DTP: An Open-Domain Text Relation Extraction Method

Incorporating Template-Based Contrastive Learning into Cognitively Inspired, Low-Resource Relation Extraction

Article 10 September 2024

Pattern Filtering Attention for Distant Supervised Relation Extraction via Online Clustering

Keywords

1 Introduction

Relation extraction is an important basic work for building large-scale knowledge bases such as semantic networks and knowledge graphs [1,2,3]. However, conventional relation extraction methods such as semi-supervision and distant supervision are generally used to deal with pre-defined relations and cannot well identify emerging relations in the real world.

Against this background, OpenRE has been widely studied for its ability to mine novel relation from massive text data. At present, OpenRE is mainly based on unsupervised methods, which can be divided into two categories. The first group is pattern extraction models [4,5,6], which usually uses sentence analysis tools, combined with linguistics and professional domain knowledge, to construct artificial rules based on lexical, syntactic and semantic features. When performing relation extraction tasks, different relation types are obtained by matching rules with the preprocessed text. However, with the expansion of the relational model set, the complexity of the system is greatly increased, and it is difficult to be widely used in the open field. The second group is to discover various relation types through unsupervised methods [7,8,9]. This work optimizes the representation of relations to improve the accuracy of unsupervised clustering while overcoming the instability of unsupervised training. Recently, some RE methods work begin to study better utilization of hand-crafted features, which only use named entities to induce relation types [10]. The hierarchy information in relation types is further exploited for better novel relation extraction [11].

However, much research has shown that complex linguistic information requires high-dimensional embeddings so that the meaning of the text becomes clear [12]. This complex information may contain local syntactic [13] and semantic structures [14]. Therefore, the position and relative distance in the high-dimensional vector space is not completely consistent with the relational semantic similarity.

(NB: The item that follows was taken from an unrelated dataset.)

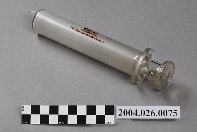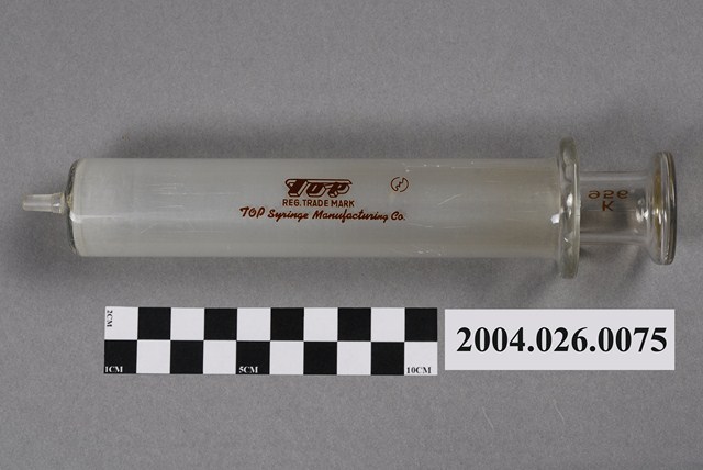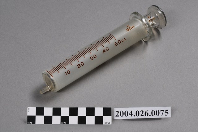 本物件為針筒50c.c.。針筒為透明無色,共有50個刻度,刻度上標有10、20、30、40和50之數字與cc字樣。針筒還印有K956字樣以及註冊商標與製造商。

Especially before model training starts, even with deep neural networks, different classes may still overlap in high-dimensional space [15].

We propose a relational instance-based clustering method with contrastive learning in this work. In order to make the model better mine the information of the relation instance itself to produce better clustering results, the nonlinear mapping is optimized by using the difference information of the constructed relation instance's comparative dataset and the distribution information of the original instance dataset. High-dimensional relational instance features of complex information are transformed into relation-oriented low-dimensional feature representations. Specifically, we pull together instances representing the same relationship while pushing apart those from different ones by jointly optimizing distribution loss and contrastive loss so that the learned representation is cluster-friendly. In addition, the proposed method obtains supervision from the data itself and its corresponding augmented dataset and iteratively learns better feature representations for relation classification tasks to improve the quality of supervision, which in turn improves cluster purity and separates distances between different clusters.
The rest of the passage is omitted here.